Wraith had had enough. Gods damn these humans, too! She ignored the burning pain in her eyes and spat in Keen's face.
The human froze.
Wraith realized her mistake as Keen's cold anger washed over her, chilling her to the bone. The human stood slowly and drew her sword from its scabbard in one fluid motion.

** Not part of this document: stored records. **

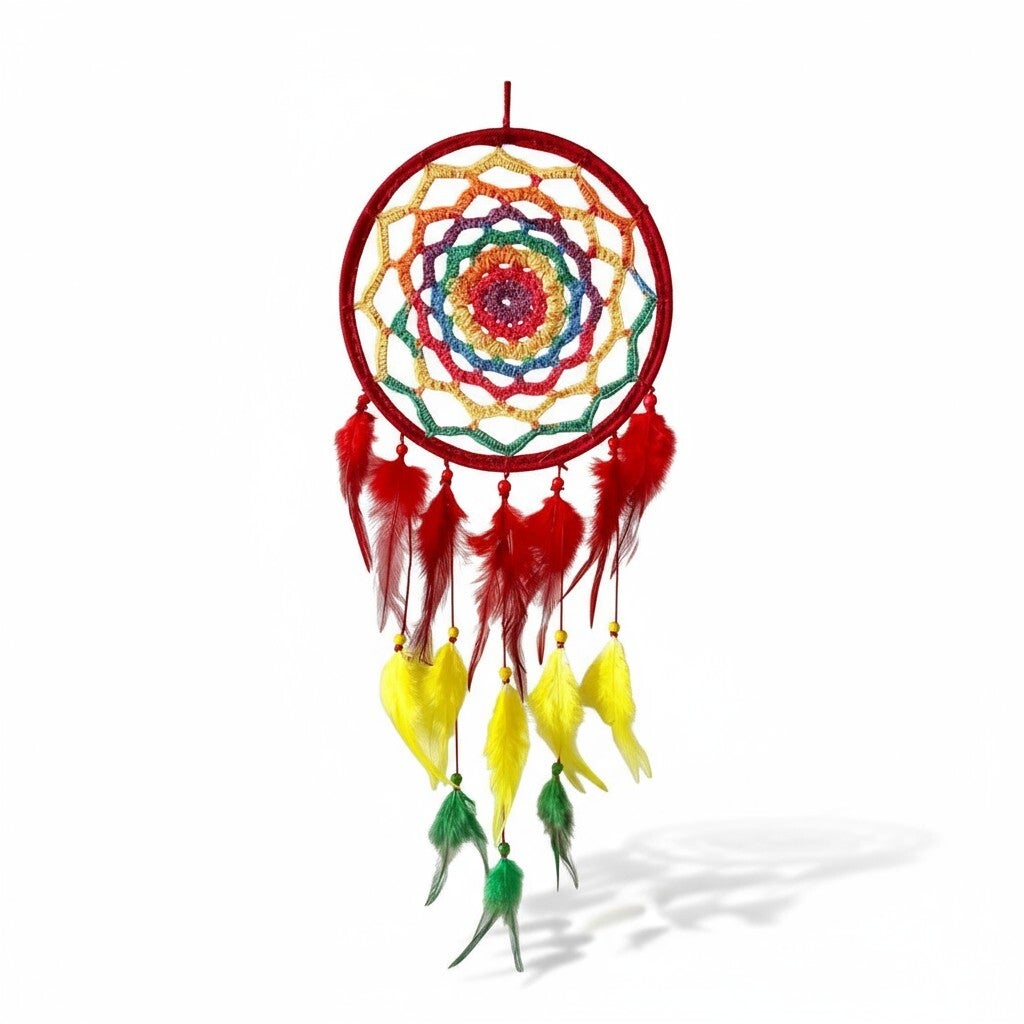 Farverig hæklet drømmefanger i 100 bomuld med indfarvede fjer.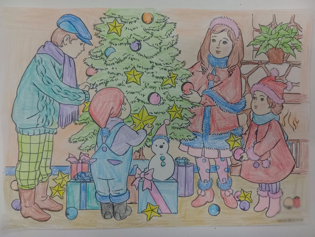 クリスマスツリーに飾られた星や雪だるま、人などに各種適切な色を塗っていきます😄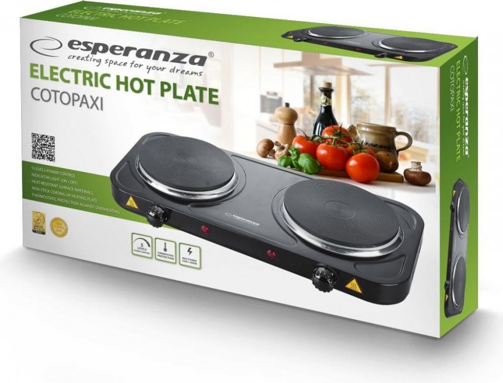 Vařič elektrický dvouplotýnkový ESPERANZA Cotopaxi EKH004K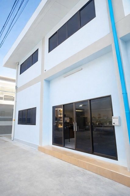 Thai Watsadu BangBon The cheapest 2 story factory building 100 sq.wa. 400 sq.m. in the world at 75baht-sqm. Solid structure 6 bed 3 bath near Wat Pho Chae 300 m. on Ekachai Road spacious area 29,998 B-M suitable for warehouse or business with adjacent residential space versatile use located in Samut Sakhon near community areas Mahachai New City Market 2.5 km. and convenient transportation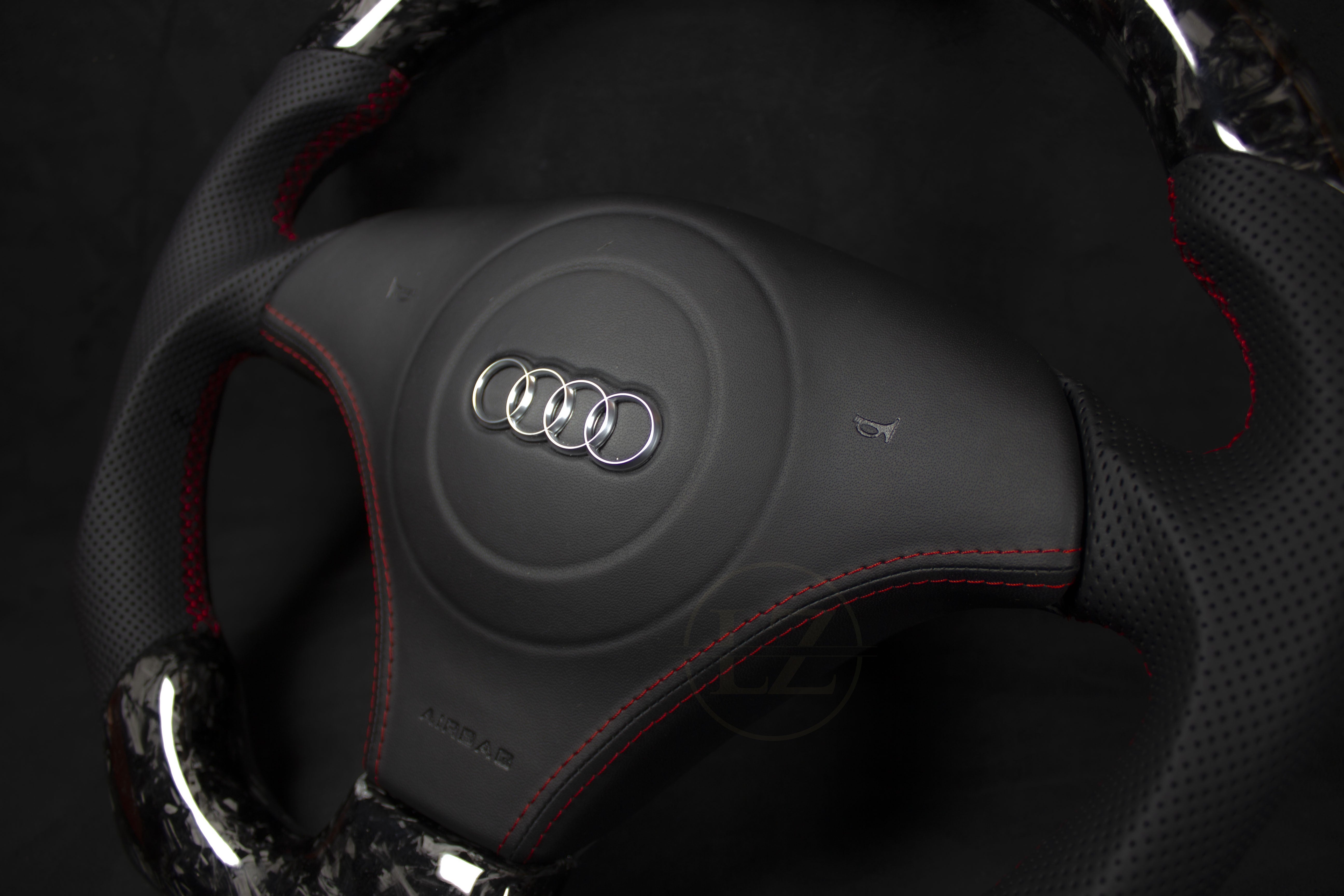- Audi B5 Lenkrad aus geschmiedetem Carbon – rote Details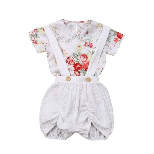 Department Name: Children Item Type: Sets Style: Casual Material: COTTON Gender: Girls Sleeve Length(cm): Short Pattern Type: Floral Collar: O-Neck Sleeve Style: REGULAR Closure Type: Pullover Fit: Fits true to size, take your normal size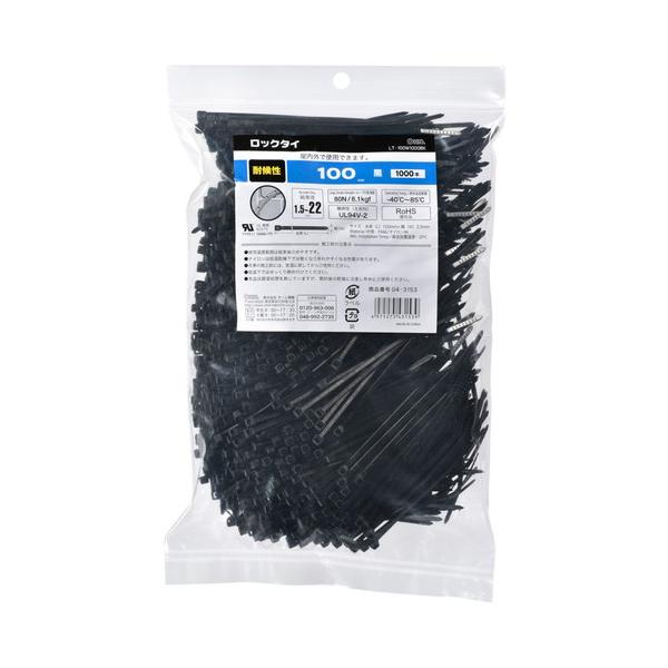 コンビニ受け取り可 オーム電機 OHM ロックタイ 100mm 耐候 黒 1000本入り LT-100W1000BK

Wraith closed her eyes tightly, the warrior's blinding image imprinted on her brain. It was now or never, she knew. She concentrated, focusing her mind and felt the energy tingle to life in her soul. With a thought she released it. It flowed down her limbs to her ankles and wrists. The binding ropes writhed like snakes and unknotted. The instant they were free, Wraith rolled away from Keen and came up standing.
But instead of the dramatic gesture she had planned to emphasize the power flowing through her mind, she staggered. The world tilted beneath her feet. She grabbed her head in agony. It was too much, the power used to unbind the ropes had taken too much of her energy. She was drained. She collapsed to her knees in exhaustion and despair, waiting for the human's killing blow.
The cold, sharp tip of a sword pressed against her neck. She didn't flinch. She heard Keen's heavy breathing above her and sensed the warrior's wrath.
"Gods curse it, Merlynn!" Keen grated, her voice heavy with hatred. "It used magic! Would you still have me spare it?! Will you dare stop me now?!"
"I don't think I could," Merlynn answered quietly.
"We can't trust it! None of us can fight against magic!"
"She didn't hurt us. Perhaps she didn't want to drink the potion." But Wraith heard the doubt in her voice.
"Gods mercy!" Keen exclaimed.
The sword stopped pressing Wraith's neck. An instant later her head exploded in blinding white sparks, and she knew no more.